Extract the whole listing as it stands. Do not include the pictures.

### RAW DATA
= = = =

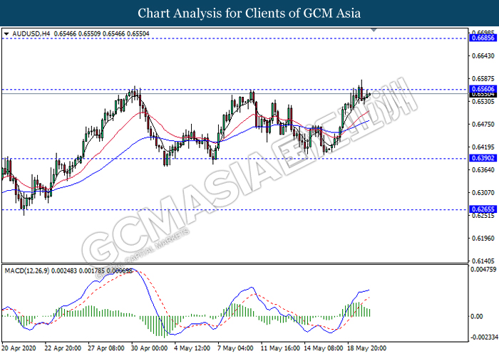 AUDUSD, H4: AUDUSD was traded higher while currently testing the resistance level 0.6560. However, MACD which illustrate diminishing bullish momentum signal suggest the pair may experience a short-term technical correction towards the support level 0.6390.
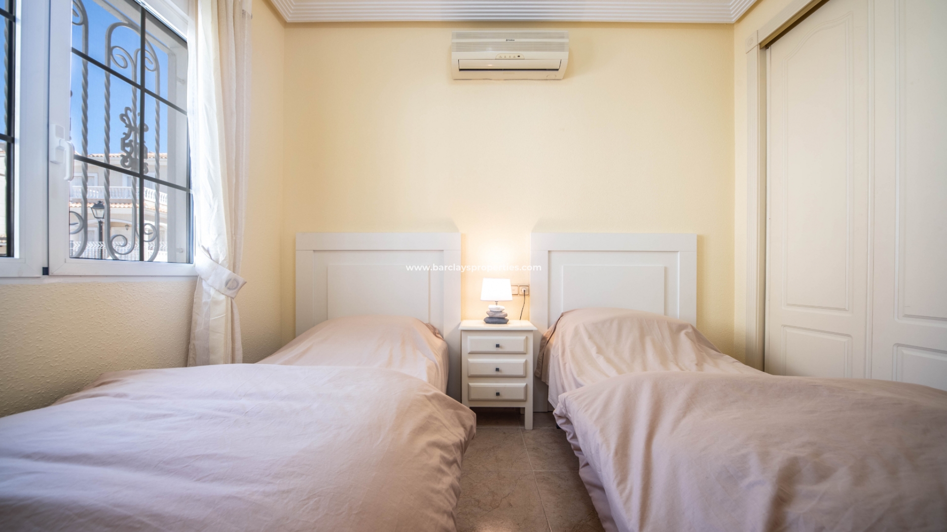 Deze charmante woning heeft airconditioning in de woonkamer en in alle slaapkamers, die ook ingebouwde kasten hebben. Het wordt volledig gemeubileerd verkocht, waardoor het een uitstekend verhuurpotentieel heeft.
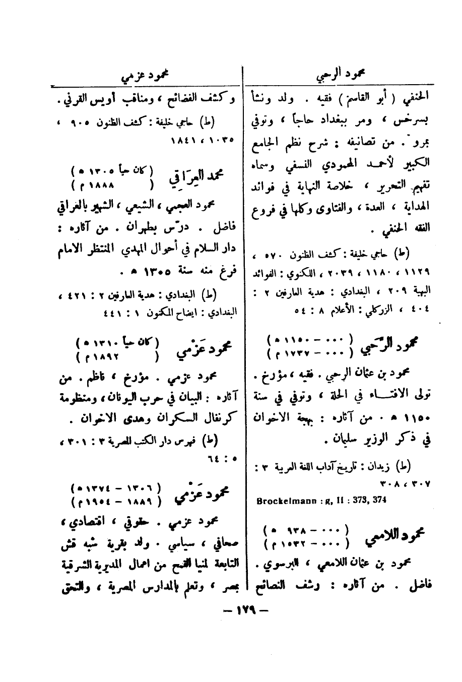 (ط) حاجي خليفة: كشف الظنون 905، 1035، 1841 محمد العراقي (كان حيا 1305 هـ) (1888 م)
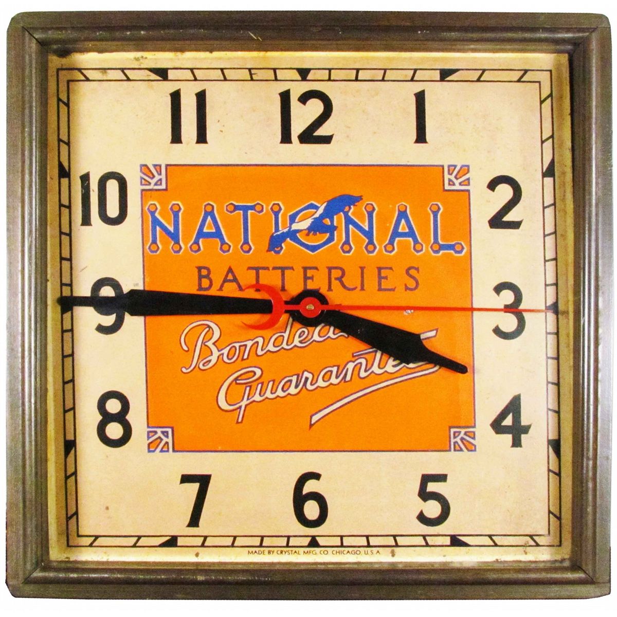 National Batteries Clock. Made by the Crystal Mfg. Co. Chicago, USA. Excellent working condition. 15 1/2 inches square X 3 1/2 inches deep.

= = = =

### WRITTEN RESPONSE
 AUDUSD, H4: AUDUSD was traded higher while currently testing the resistance level 0.6560. However, MACD which illustrate diminishing bullish momentum signal suggest the pair may experience a short-term technical correction towards the support level 0.6390.
 Deze charmante woning heeft airconditioning in de woonkamer en in alle slaapkamers, die ook ingebouwde kasten hebben. Het wordt volledig gemeubileerd verkocht, waardoor het een uitstekend verhuurpotentieel heeft.
 (ط) حاجي خليفة: كشف الظنون 905، 1035، 1841 محمد العراقي (كان حيا 1305 هـ) (1888 م)
 National Batteries Clock. Made by the Crystal Mfg. Co. Chicago, USA. Excellent working condition. 15 1/2 inches square X 3 1/2 inches deep.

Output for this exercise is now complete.